Basically, after decades of abuse, government scientists and administrators know that Republicans are itching to shut them down or destroy their work and that no one will protect them. Being in a permanent defensive crouch makes for bad decisions.
On one side, there’s a bunch of political scientists and economists who think they have the Constitutional right to have the taxpayers do data collection for them, and will now have a slightly harder time publishing papers that “discover” “causal effects”.
On the other side, there’s a bunch of theoretical computer scientists who, in the tradition of their field, have a very paranoid threat model and always focus on the worst possible outcome.

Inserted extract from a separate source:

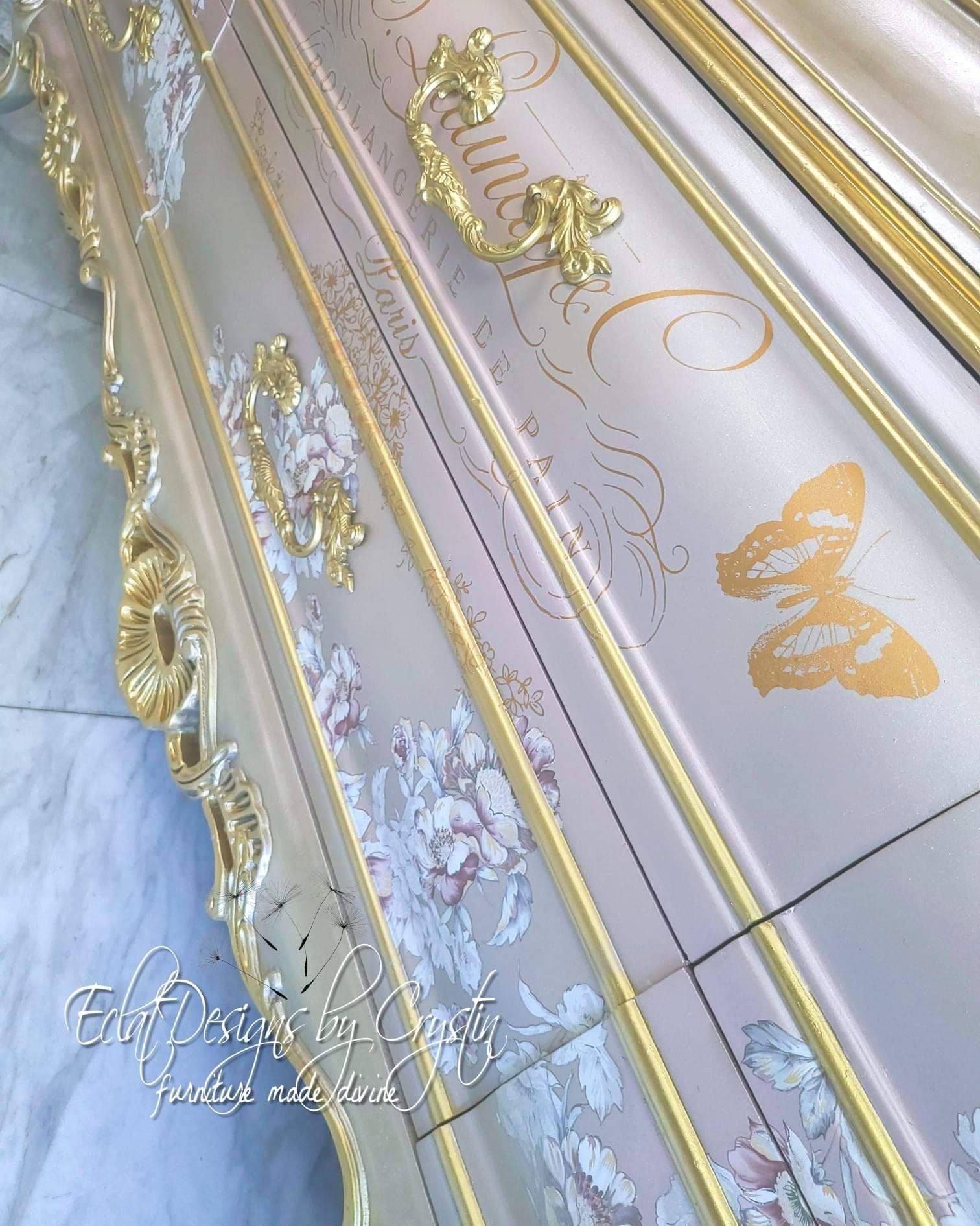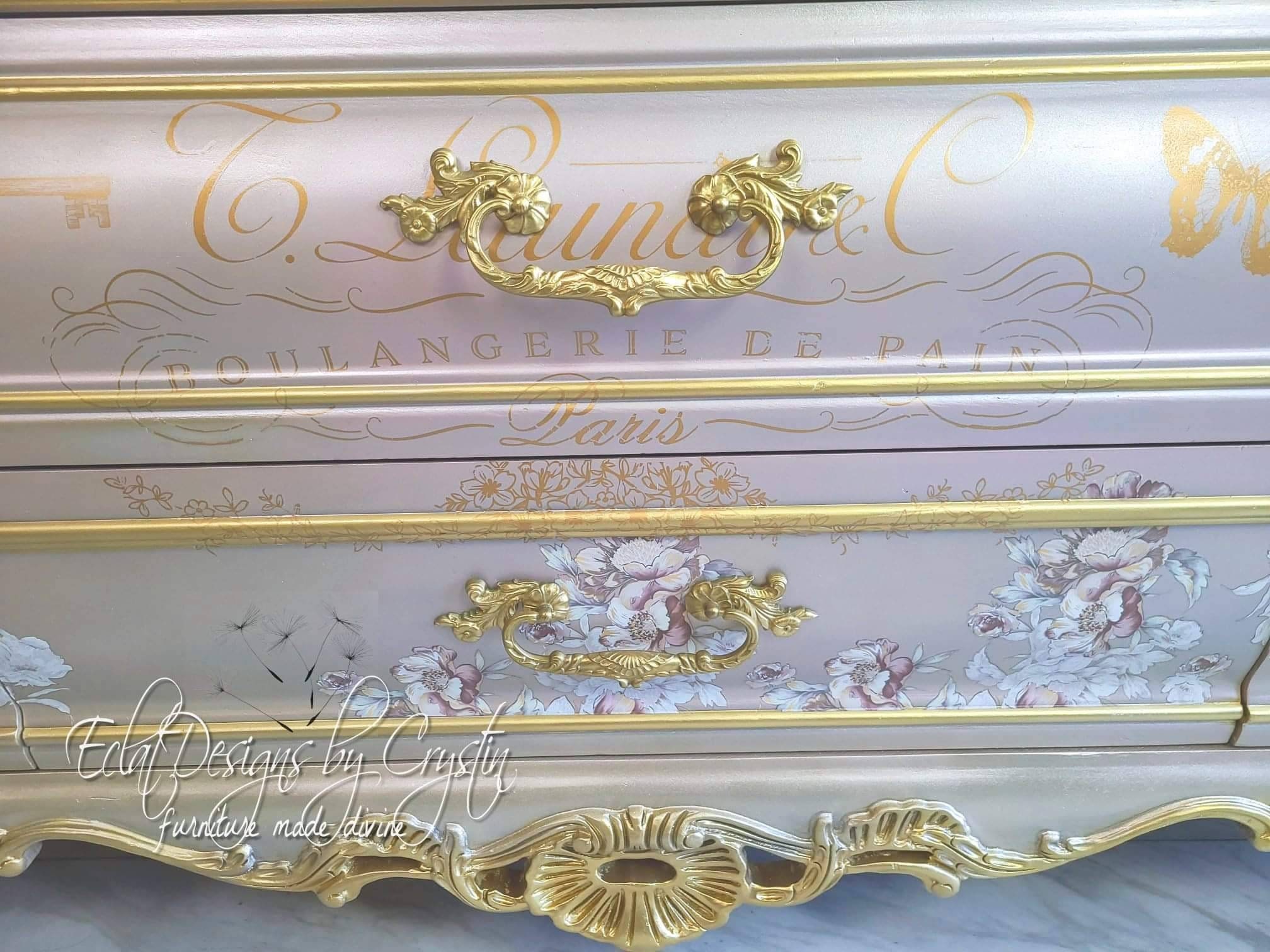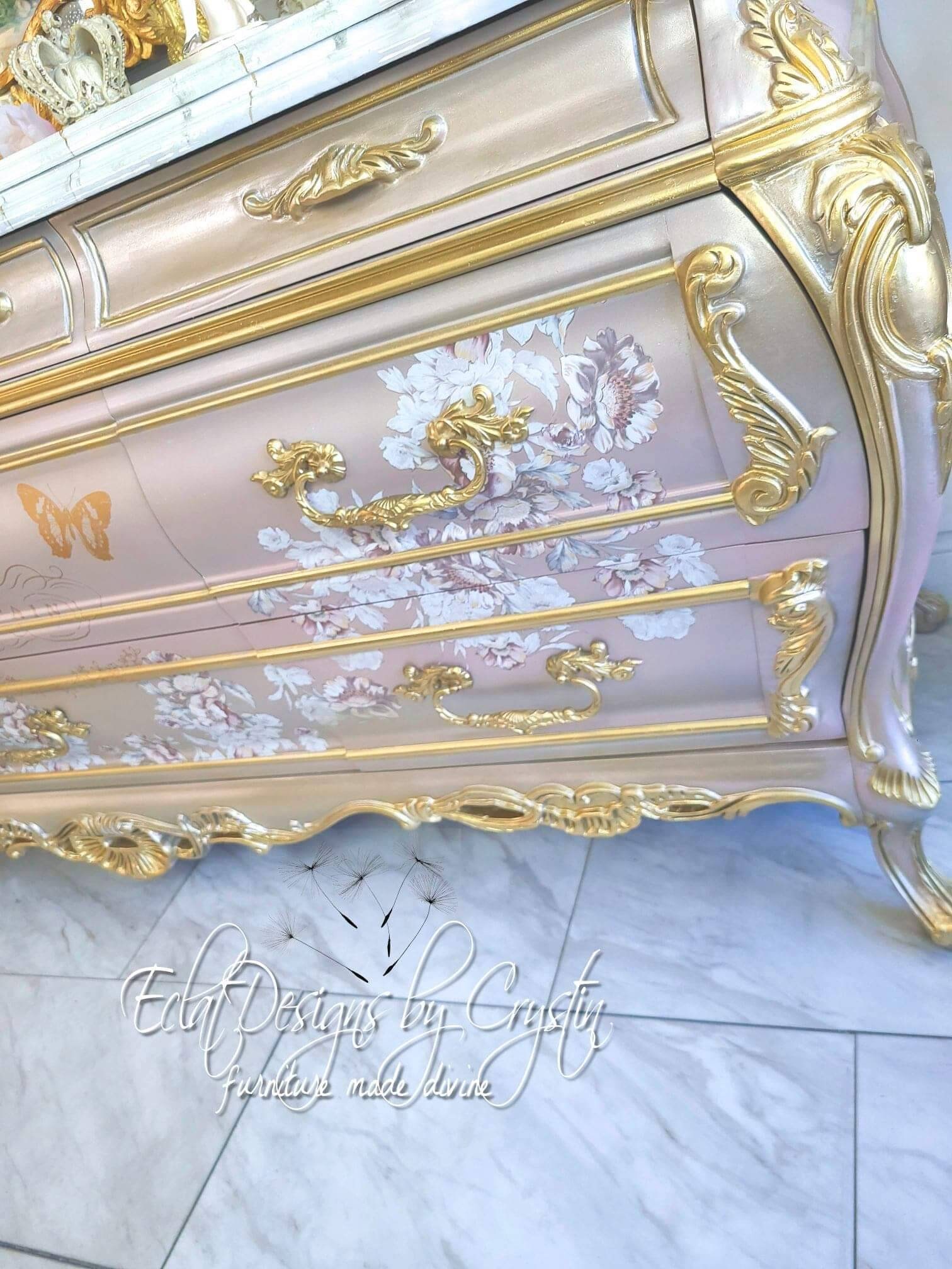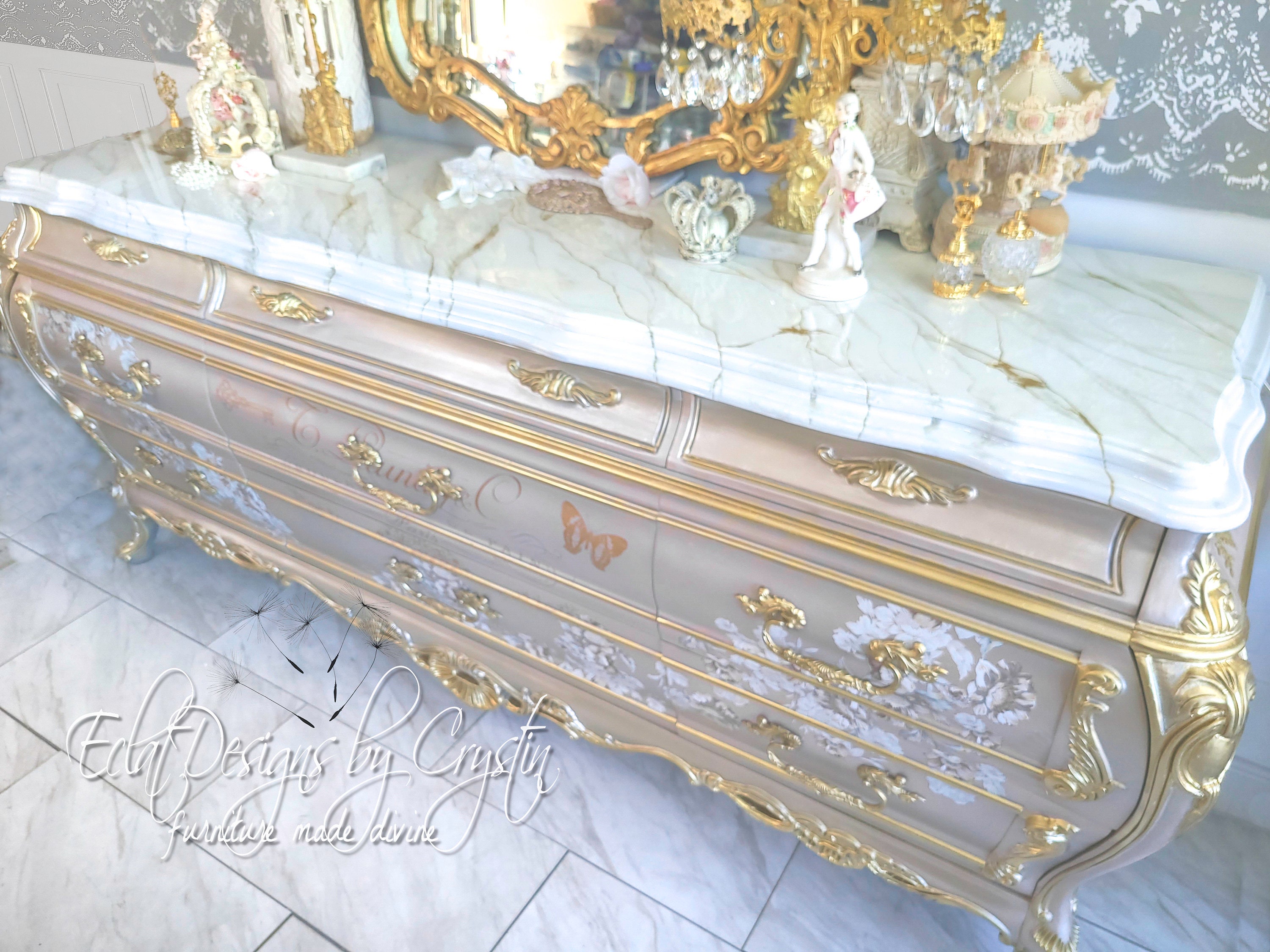 Custom Painted Dresser/ Pearly Pink, Bombay, Rococo Dresser/ Baroque/Luxury/ Fantasy/ French/ Parisian/ Refinished/ Glamorous/ Royal

It’s pretty rare for theoretical CS to have any real impact and they’re not going to give up on that opportunity.
I’m biased towards the computer scientists here, although the anti-differential-privacy crowd’s arguments seem stronger now than a year or two ago (as the two sides come to understand each other better).
If the non-noisy data is released, someone will do the database reconstruction attack, and it will become available on the Internet. It won’t be hypothetical for long. I don’t actually have a sense of how bad this would be in practice.
I still don’t understand what the bloody use case is. The government has all this data on every 1040 I’ve submitted. Google has or can parse it all together, as can at least Amazon and Netflix.
Probably every one of those “look people’s public records data up” has 90% of the census data and a bunch more beside.
What is this protecting us from?
Another example of making policy without cost benefit analysis.
My related beef is that medical communication has to be conducted by clunky "Portals" rather than old fashioned email. What is the expected value of the harm of someone hacking my email an learning my PSA at the dame time I do? Does it exceed the cost of establishing and using the "portal?" Much communication with the government suffers the same problem. Why does it need to be more difficult to look up something from my Social Security account than to buy something from Amazon?